Major construction projects often result in a number of adjudications between the same parties. It is a hazard of the job, so to speak. Known as “serial adjudication“, it can give rise to a number of issues, not least the question of what the previous adjudicator(s) decided.
While it is easy to say that the decision in adjudication one is binding on subsequent adjudicators (as is the decision in adjudication two and so on), in practice it isn’t always easy to see if the dispute that was referred in adjudication two (or three) was the same as the dispute in adjudication one (and two). As everyone knows, this has led to a considerable body of case law on the question of whether the dispute is the “same or substantially the same“. It is a question that goes to the heart of an adjudicator’s jurisdiction.
The issue of serial adjudication was before me recently, when I had to untangle what was (and what wasn’t) decided by a previous adjudicator. It reminded me of some of the issues in HHJ David Grant’s judgment in Niken Construction Ltd v Trigram Carver Street Ltd.
Niken Construction Ltd v Trigram Carver Street Ltd
To me, this looks like a fairly typical construction dispute. The contractor (Niken) agreed with the employer (Trigram) to design and build a block containing 24 apartments and a commercial unit in the Jewellery Quarter in Birmingham. The contract was valued at just over £2.26 million and incorporated the JCT Design and Build Contract, 2011 Edition. The completion date was in October 2015.
However, things clearly did not go well because, in October 2015, both parties purported to terminate the contract, with the:
- Employer getting in first and arguing that the contractor had failed to proceed “regularly and diligently” with the works (under clause 8.4).
- Contractor arguing that the employer had failed to make payment of the full amount of interim application number seven and had failed to serve a pay less notice.
Unsurprisingly in that situation, a number of adjudications followed:
- In November 2015, the first adjudicator ordered the employer to pay the balance of interim application number seven (some £40,900), which it did.
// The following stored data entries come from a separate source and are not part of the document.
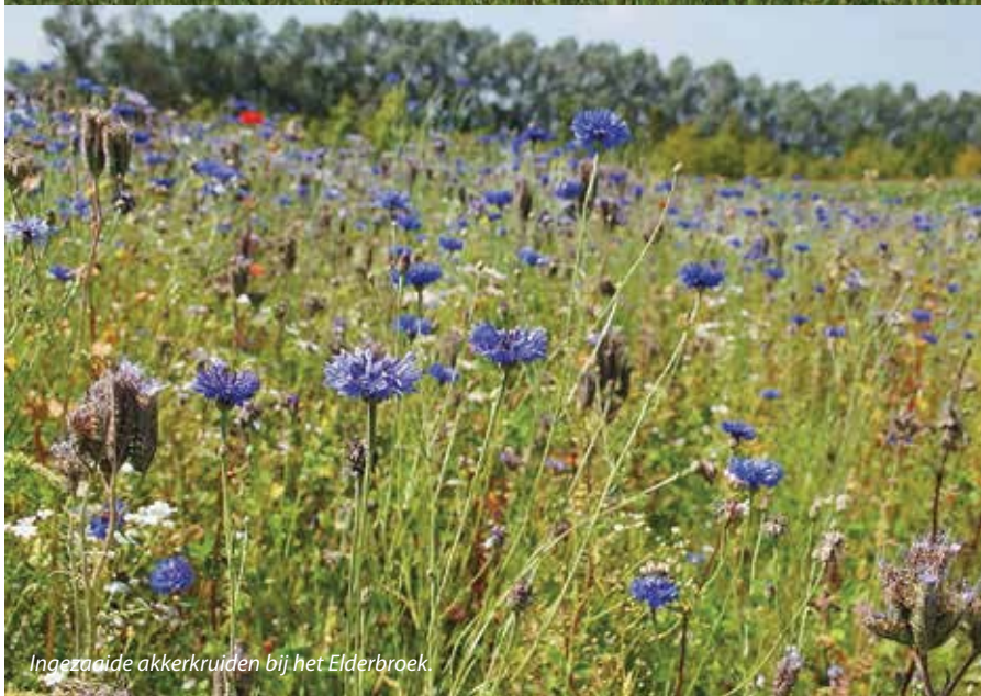
Ingezaaide akkerkruiden bij het Elderbroek.
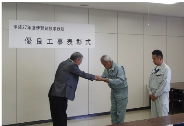
【株式会社西山建設 様】
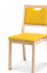
62-11/1 • Stapelstuhl
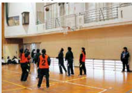
▲女子バスケットボール
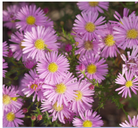
Aster pringlei 'Pink Star' Myrten-Aster

Blütenhöhe: 100-120 cm Blütezeit: Sept-Okt
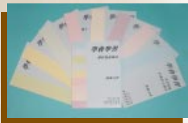
《學會學習—課程發展路向》 諮詢文件
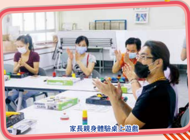
家長親身體驗桌上遊戲
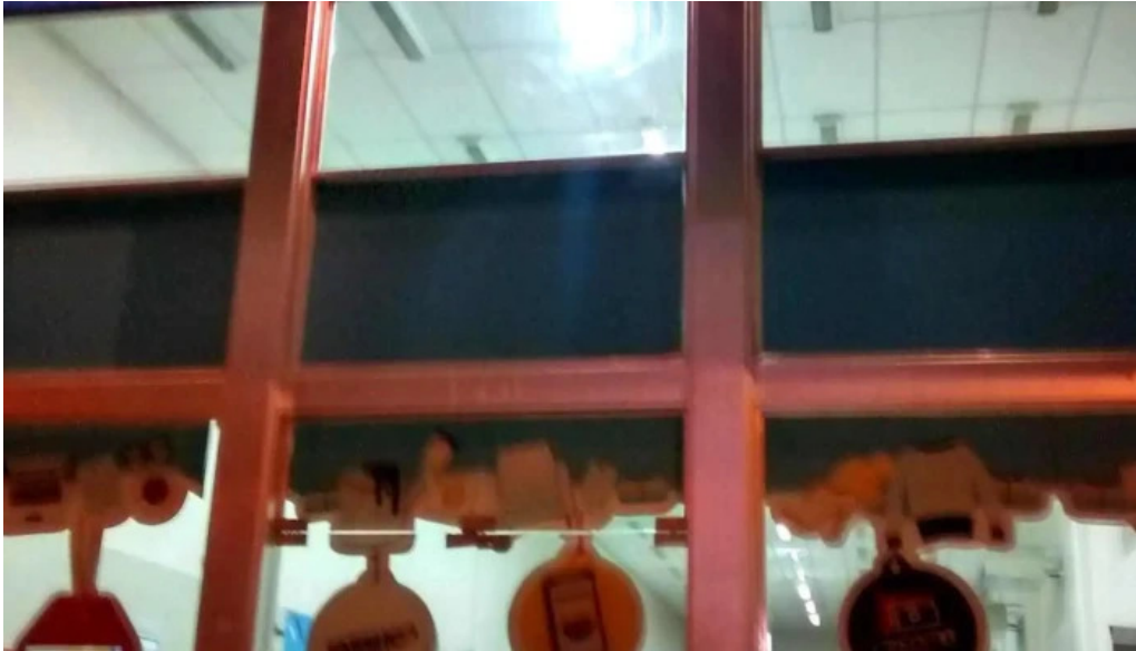
Tarjeta shopping exterior
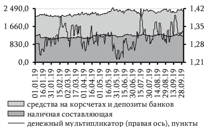
Рис. 44. Динамика широкой денежной базы и денежного мультипликатора, млн руб.

Основное влияние на прирост обязательств центрального банка оказало повышение остатков средств, размещённых на корреспондентских счетах коммерческих банков в ПРБ, на 338,4 млн руб. (+38,3%), до 1 223,2 млн руб. В их числе неснижаемый остаток в фондах обязательного резервирования и страхования увеличился на 104,2 млн руб. (+15,6%) и составил 770,8 млн руб., что обусловлено ростом объёма привлечённых средств, являющихся расчётной базой. В целом на средства на корреспондентских счетах пришлось 49,8% денежной базы (41,2% на 01.01.2019)
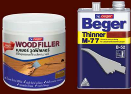
เบเยอร์ วู้ด ฟิลเลอร์ ทินเนอร์ M-77
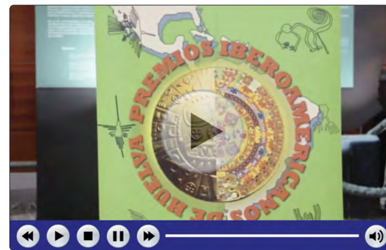
Si no puede ver el vídeo correctamente pinche aquí
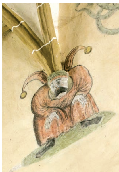
A berethalmi templom sekrestyéjének bejárata és a bolond festett alakja a diadalívén

A templom tele van kuriózumnak számító részletekkel. Még az intarziadíszes sekrestyeajtó bonyolult zárszerkezete is különlegességnek számít. Talán még egy részletre érdemes felhívni az olvasó figyelmét: a berethalmi erődtemplom diadalívén templomba nem illő alakokat fedezhetünk fel – bolondfigurák néznek le ránk a boltívek indításáról. Bolondok nemhogy a templomi, de a világi falfestészetünkben is szinte teljesen hiányoznak (kivételt jelent a budapesti Táncsics Mihály utca 24. szám alatti házból származó freskótöredék, amelyen táncoló párt kísér egy bohóc; ezt a falképet ma a Budapesti Történelmi Múzeumban őrzik).
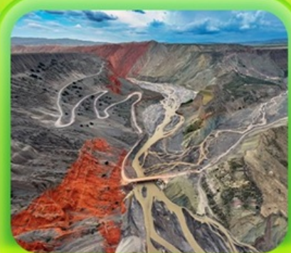
"แกรนด์แคนยอนคู่ชานโจ้ว"

ซินเจียงเหนือ ทะเลสาบโซลิมู๋ "น้ำตาหยดสุดท้ายของแอตแลนติก" • กุ่มหญ้านาราตี กุ่มดอกไม้เทียนซาน • ผ่านชมสะพานกั๋วจื่อโกว • ถนนหลิวซิงเจียง • ตลาดต้าปาจา
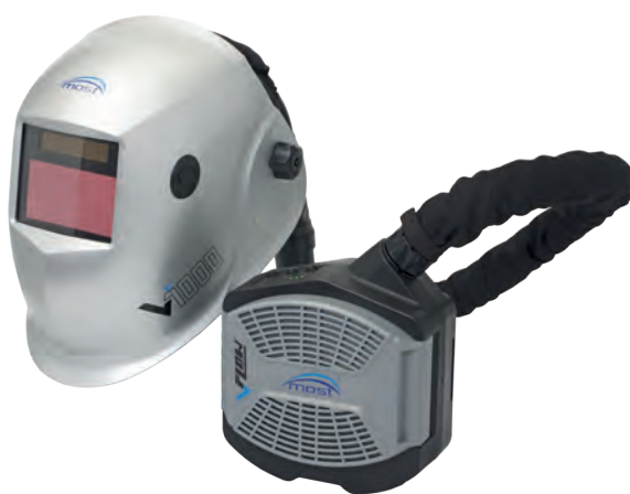
Przyłbica MOST V1000 AIR z MOST V-FLOW / kpl z torbą Nr katalogowy: 72 00 911199

- In December 2015, the employer asked the second adjudicator to decide whether it had lawfully terminated the contract. The second adjudicator decided it had not done so.
- A subsequent adjudication concerned the contractor’s termination account, which the third adjudicator decided in the contractor’s favour, ordering the employer to pay some £180,000.
It is worth noting that the same individual acted as the second and third adjudicator and that the focus of the judgment is on the employer’s arguments resisting enforcement of the third adjudicator’s decision, and its submission that its own proceedings should be consolidated with those enforcement proceedings.
“Same or substantially the same” dispute
However, back to my original point about whether it was the “same or substantially the same” dispute.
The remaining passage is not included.